Operation Distribution Flags

All read operations from catalog-read plus update operations:

Flag Default Operation
--ns-update-distrib 0 Update namespace properties
--table-update-distrib 5 Update table properties
--view-update-distrib 5 Update view properties

Additional Flags

Flag Default Description
--max-retries 5 Retries for update operations on conflict
--retry-backoff 100ms Initial backoff duration
--backoff-max 2s Maximum backoff duration

Operations Recorded

  • All read operations from catalog-read
  • NS_UPDATE, TABLE_UPDATE, VIEW_UPDATE: Update operations

Example

# Default mixed workload
warp iceberg catalog-mixed \
  --host=localhost:9001 \
  --access-key=minioadmin \
  --secret-key=minioadmin

# Read-only (disable all updates)
warp iceberg catalog-mixed \
  --host=localhost:9001 \
  --access-key=minioadmin \
  --secret-key=minioadmin \
  --table-update-distrib=0 \
  --view-update-distrib=0

ICEBERG SUSTAINED

Run a sustained Iceberg workload with controlled request rates.
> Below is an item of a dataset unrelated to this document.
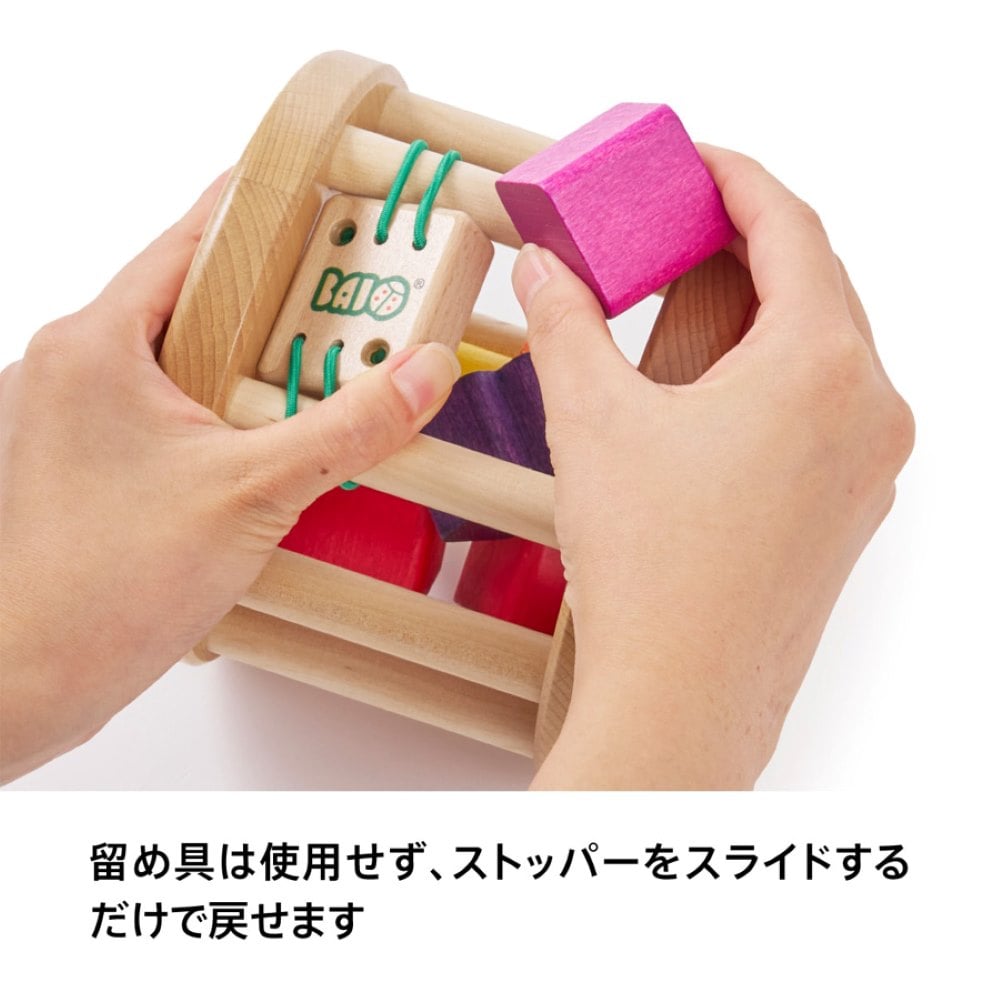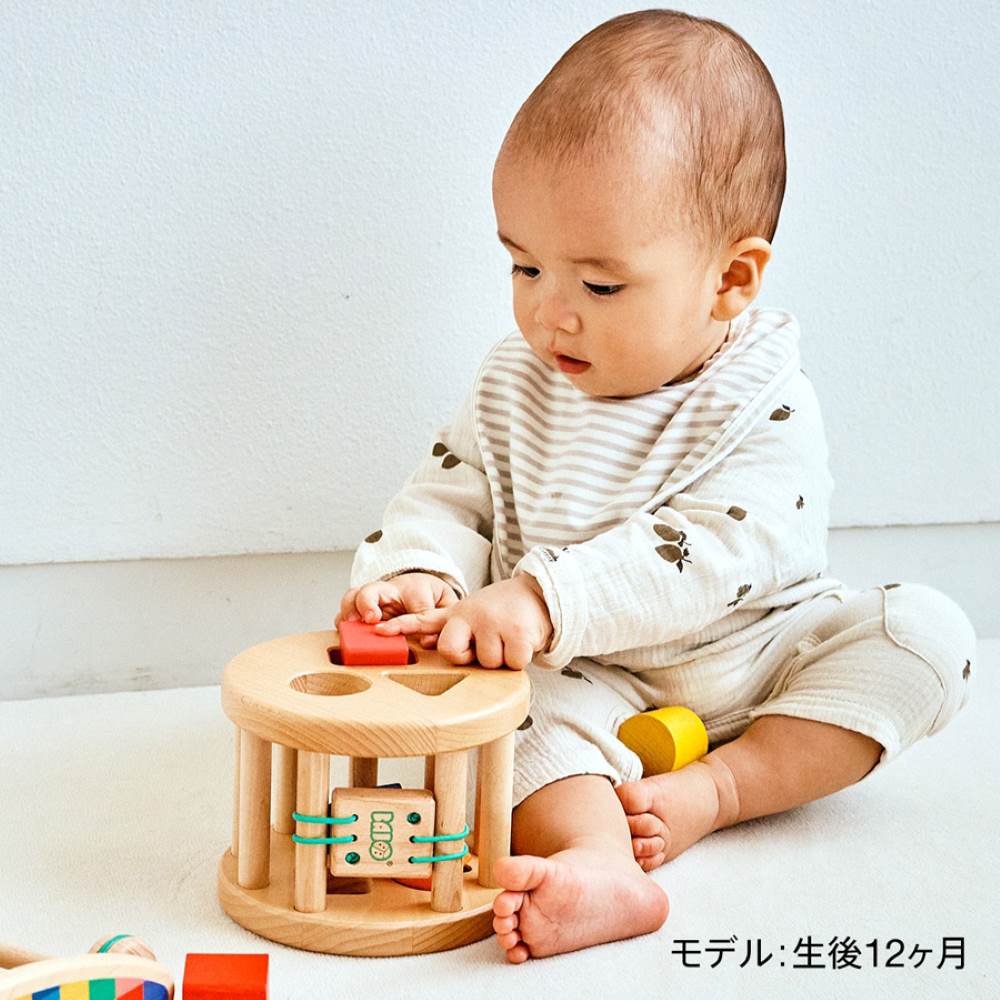 かたち合わせ」と「プルトーイ」が一つになった1歳ごろの歩きはじめから遊べるカタツムリがモチーフのあそび道具です。 “カタッコトッ”と木と木が触れ合う音、ブロックが動く様子など、美しいモザイク模様が入った台車にのせて、見て・聞いて・動かして。手遊びから形・色の学びへと、0歳から2歳くらいの成長段階にあわせていろいろなあそびが広がります。 ひもを引っ張るとクルクル回るボックスは取外し可能、ハイハイがはじまる頃には子どもと向かい合って、ボールのようにコロコロと木と木が触れ合う音をたよりに追いかけても楽しいですね。かたち遊びは、片面は三角や四角や丸と基本の形、もう片面はすこし複雑な形とステップアップして遊べます。 歩けるようになる1歳頃からは、ひもを引っ張って一緒にお散歩。ひもはヨーロッパの安全基準に準じ、お子さまの足や首に絡まらない長さになっていま本体サイズ(cm)18×15×19 重量(g)1.1kg セット内容ブロックの色/ 黄色・赤紫色・紫色・オレンジ色・赤色・ピンク色(計6色)

Designed for long-running tests with specific RPS limits for commits and reads.

Usage

warp iceberg sustained [FLAGS]

Workflow

  1. Creates warehouse namespace/table tree structure
  2. Downloads or generates parquet data files
  3. Optionally uploads files once during prepare (--skip-upload)
  4. Runs two concurrent workloads:
    • Commits: Upload parquet files and commit to Iceberg tables (controlled by --rps-limit)
    • Reads: LoadTable operations (enabled with --simulate-read, controlled by --read-rps-limit)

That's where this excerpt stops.